Projects

HeatMind

Firefighters are faced with myriad stressors from hazardous work conditions and exposure to extreme heat that place their health at significant risks. The intense heat, smoke, shift work, long working hours, and stressful work put firefighters at substantial risk for heat-related injuries, long-term chronic complications, and mental health challenges.

Metabolic Health

Metabolic health refers to the balance and optimal functioning of the body's metabolic processes, including glucose regulation, lipid metabolism, and energy utilization. With the rise of chronic diseases like diabetes, AI-driven technologies have become crucial tools for diabetes management. These technologies leverage data science and artificial intelligence to analyze large volumes of patient data, such as continuous glucose monitoring (CGM) data, to provide personalized insights and interventions. CGM data, collected through wearable devices (like Dexcom, Abbott's FreeStyle Libre, Medtronic etc.), offers real-time monitoring of a patient's blood glucose levels. AI algorithms process this data to generate actionable insights, helping individuals make informed decisions about their diet, medication, and physical activity. By analyzing patterns and trends in CGM data, AI-driven systems can provide predictive alerts for potential hyperglycemic or hypoglycemic events, enabling users to take proactive measures. The integration of AI into diabetes management not only enhances individual control over glucose levels but also facilitates healthcare professionals' ability to provide targeted interventions. As AI technologies continue to evolve, they hold the promise of revolutionizing the way we approach metabolic health, leading to more effective and personalized strategies for diabetes management.

UG Research

Undergrad research projects of Shovito

Course Projects

Academic projects formulated, developed, and demonstrated by Shovito during his undergrad and graduate studies.

Mental Health

Stress and challenges associated with stress management are prevalent problems of modern life. Many physical and mental health problems are driven by or escalate with the degree of stress. Stress has harmful effects on those who suffer from mental and physical health problems. Therefore a comprehensive study of stress and its effect is an important research topic in the mobile health domain. Our research lies at the intersection of sensor systems and machine learning, in which we research methods of detecting stress in real-life settings. We use wearable sensor systems to capture bio-markers of stress and design and develop machine learning algorithms for stress detection and classification. Our research aims to develop tools, methodologies, and algorithms for comprehensive approaches to stress detection and to invent smart interventions strategies to promote the well-being of individuals.
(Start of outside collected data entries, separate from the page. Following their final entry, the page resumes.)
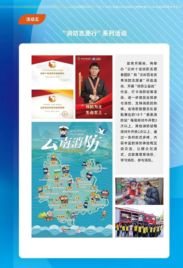 宣传月期间,将举办“云岭十佳消防志愿者团队”和“云岭百名优秀消防志愿者”评选活动,开展“消防公益说”代言、打卡消防站等活动,进一步激发全民参与消防、支持消防的热情。总队首批推出的18个“最美消防站”每周将对外开放3次以上,其他消防站每周对外开放2次以上,通过一系列形式多样、内容丰富的消防体验和互动交流,让群众沉浸式学习消防知识,近距离感受消防、学习消防、参与消防。
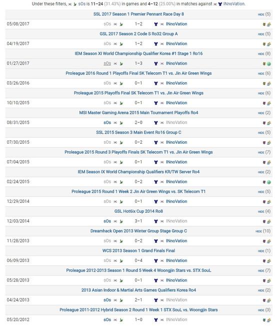 虽然很多人期待狗哥重获新生,但从历史交手记录情况来看,INnoVation的胜面还是非常大的。sOs与INnoVation在历史上共交手过16次,INnoVation以大比分12胜4负、小比分24胜11负的成绩占据绝对优势,且狗哥自2015年8月份的MSI大师赛2-0战胜INnoVation后再未战胜过INnoVation。即使在狗哥的最鼎盛时期面对INnoVation也难求一胜,INnoVation堪称狗哥的绝对克星。不过从近期的表现来看,INnoVation并不在其最佳状态,上一次卫星哥打GSL决赛还是在五年前,以sOs的战术执行力和大局观也并不是毫无机会。
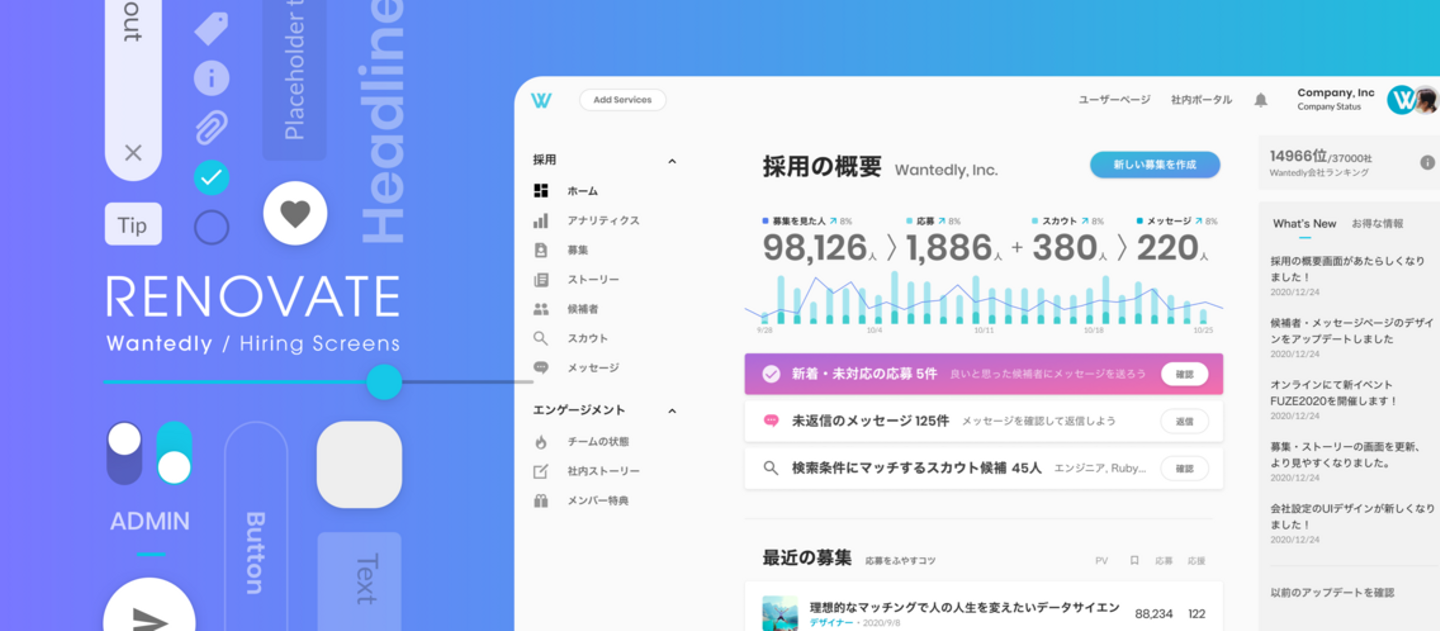 そこで、2020年9月からは Wantedly のUIに的を絞って網羅的に刷新する『リノベーション』に取り組んでいます。このリノベーションではバックエンドに極力手を加えずにUIの変更に的を絞ることで、UI/UXの統一を短期間で行うことができます。画面のデザインを刷新するときには、機能の変更や情報の追加をしたり、技術スタックの刷新やAPI改修のためにフルスクラッチで書きたくなることも多いでしょう。しかしこれらをぐっと我慢してあくまで既存のフロントエンドの UI修正に集中することで高速な改善を行います。

Human-in-the-Loop Learning

Designing active learning strategies that collect labeled sensor data in uncontrolled environments is challenging because (i) without taking into account user's cognitive factors, active learning places much burden on the user and lowers adoption of the technology; and (ii) the labels expressed by end-users exhibit significant amounts of temporal and spacial variations leading to poor performance of the learned models. In this project, we design, develop, and validate human-in-the-loop technologies that collect sensor data in-the-wild and develop algorithms and tools (i) to maximize the active learning performance taking informativeness of sensor data, burden of data labeling on user, and reliability of prospective labels into account; and (ii) for understanding and inferring complex health events using wearable and mobile sensors.

Gait and Mobility

We develop novel approaches for reliable gait monitoring and investigate applications of wearable-base monitoring in various populations. The utility of wearable sensors for continuous gait monitoring has grown substantially, enabling novel applications on mobility assessment in healthcare. Existing approaches for gait monitoring rely on predefined or experimentally tuned platform parameters and are often platform-specific, parameter-sensitive, and unreliable in noisy environments. To address these challenges, we investigate platform-agnostic and reconfigurable computational approaches to gait monitoring, step counting, mobility assessment, and related problems.